Please now follow the instructions below to get setup:

  1. Change into the rottenpotatoes directory: cd bdd-tdd-cycle/rottenpotatoes
  2. Run bundle install --without production to make sure all gems are properly installed.
  3. Run bundle exec rake db:migrate to apply database migrations.
  4. Finally, run these commands to set up the Cucumber directories (under features/) and RSpec directories (under spec/) if they don't already exist, allowing overwrite of any existing files:
rails generate cucumber:install capybara
rails generate cucumber_rails_training_wheels:install
rails generate rspec:install
  1. You can double-check if everything was installed by running the tasks rake spec and rake cucumber.

Since presumably you have no features or specs yet, both tasks should execute correctly reporting that there are zero tests to run. Depending on your version of rspec, it may also display a message stating that it was not able to find any _spec.rb files.

Part 1: add a Director field to Movies

Create and apply a migration that adds the Director field to the movies table. The director field should be a string containing the name of the movie’s director. HINT: use the add_column method of ActiveRecord::Migration to do this.

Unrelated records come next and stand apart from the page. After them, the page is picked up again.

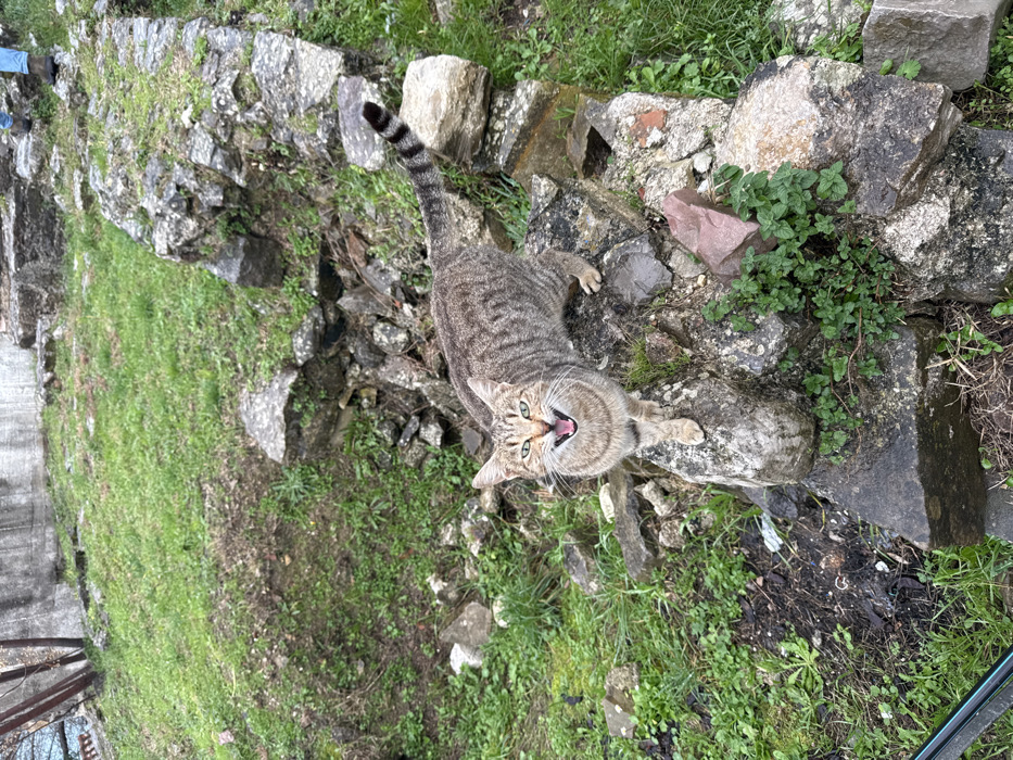 - "An outdoor scene in Dubravcevina, Montenegro, shows a brown, grey, and black striped tabby cat standing on a formation of irregular grey stones" by FM-fSbZr2, licensed under CC BY 4.0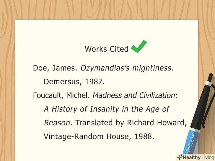 Складіть список бібліографічних джерел .у бібліографічному списку повинні бути вказані всі джерела, згадані за текстом вашої роботи. Тим не менш, список не повинен бути занадто громіздким. Вимоги до оформлення самого списку можуть варіюватися. Список джерел зазвичай оформляється в алфавітному порядку в кінці наукової статті. [19] як мінімум, для кожного джерела слід вказати:- Автора;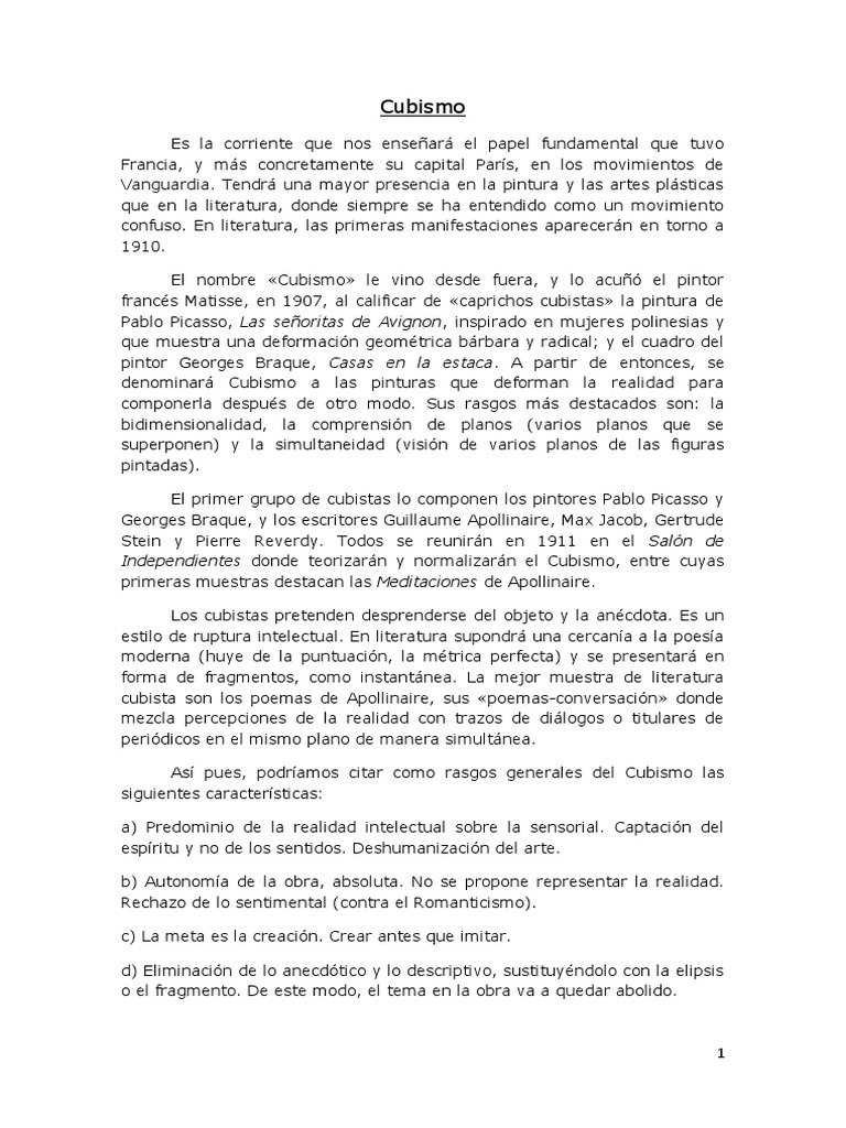 Así pues, podríamos citar como rasgos generales del Cubismo las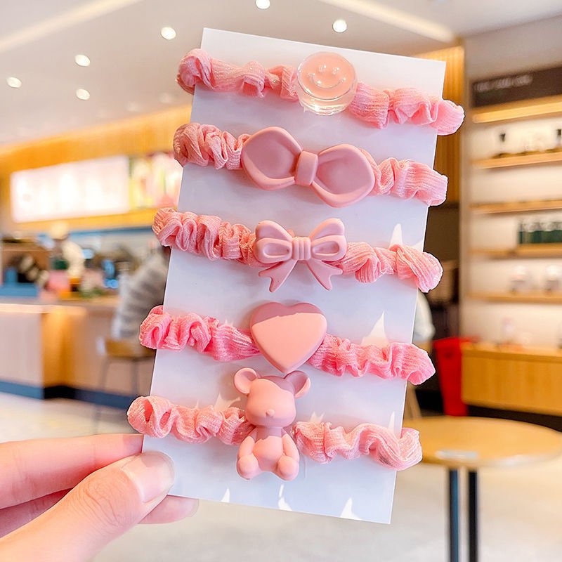 • Pink Series Combination Hair Ring 5 PCS Set – One Size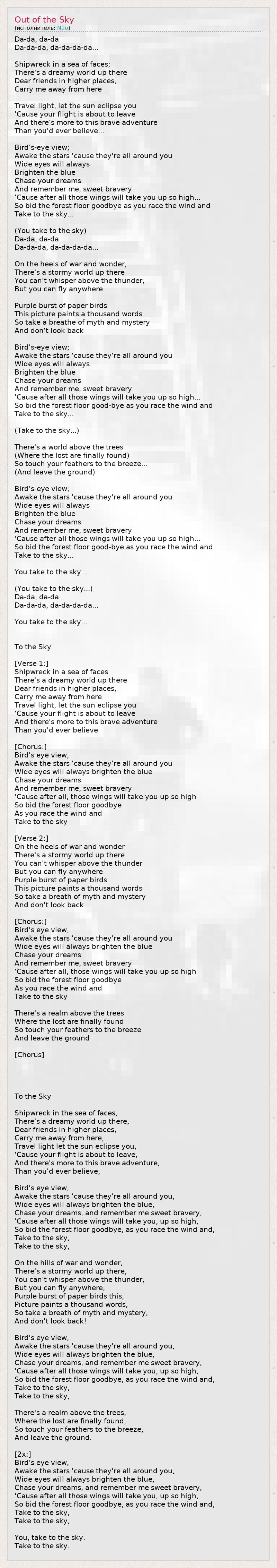А как ты думаешь, о чем песня "Out of the Sky" ?

Remember that once the migration is applied, you also have to do rake db:test:prepare to load the new post-migration schema into the test database!

Part 2: use BDD+TDD to get new scenarios passing

We've provided three Cucumber scenarios to drive creation of the happy path of Search for Movies by Director. The first lets you add director info to an existing movie, and doesn't require creating any new views or controller actions (but does require modifying existing views, and will require creating a new step definition and possibly adding a line or two to features/support/paths.rb).

The second lets you click a new link on a movie details page "Find Movies With Same Director", and shows all movies that share the same director as the displayed movie.
For this you'll have to modify the existing Show Movie view, and you'll have to add a route, view and controller method for Find With Same Director.

The third handles the sad path, when the current movie has no director info but we try to do "Find with same director" anyway.

Going one Cucumber step at a time, use RSpec to create the appropriate controller and model specs to drive the creation of the new controller and model methods. At the least, you will need to write tests to drive the creation of:

  • a RESTful route for Find Similar Movies (HINT: use the 'match' syntax for routes as suggested in "Non-Resource-Based Routes" in Section 4.1 of ESaaS)

  • a controller method to receive the click on "Find With Same Director", and grab the id (for example) of the movie that is the subject of the match (i.e. the one we're trying to find movies similar to)

  • a model method in the Movie model to find movies whose director matches that of the current movie

It's up to you to decide whether you want to handle the sad path of "no director" in the controller method or in the model method, but you must provide a test for whichever one you do. Remember to include the line require 'spec_helper' at the top of your *_spec.rb files.

We want you to report your code coverage as well.

Add the following lines to the TOP of spec/spec_helper.rb and features/support/env.rb:

require 'simplecov'
SimpleCov.start 'rails'

Now when you run rake spec or rake cucumber, SimpleCov will generate a report in a directory named coverage/. Since both RSpec and Cucumber are so widely used, SimpleCov can intelligently merge the results, so running the tests for Rspec does not overwrite the coverage results from SimpleCov and vice versa. See the ESaaS screencast for step-by-step instructions on setting up SimpleCov.

TURN-IN:

  • Cucumber feature file (if different from the one provided)
  • Cucumber step definitions (i.e., contents of your features/ directory)
  • RSpec tests (i.e., contents of spec/ directory)
  • SimpleCov report files showing 90% or greater coverage for your models and controllers
  • The URI of your deployed app on Heroku that passes all the scenarios (later in the semester, we'll show how to run Cucumber scenarios directly against your deployed app, not just your local copy)
  • Any files you modified (i.e. app/, config/routes.rb, db/migrate/, etc.)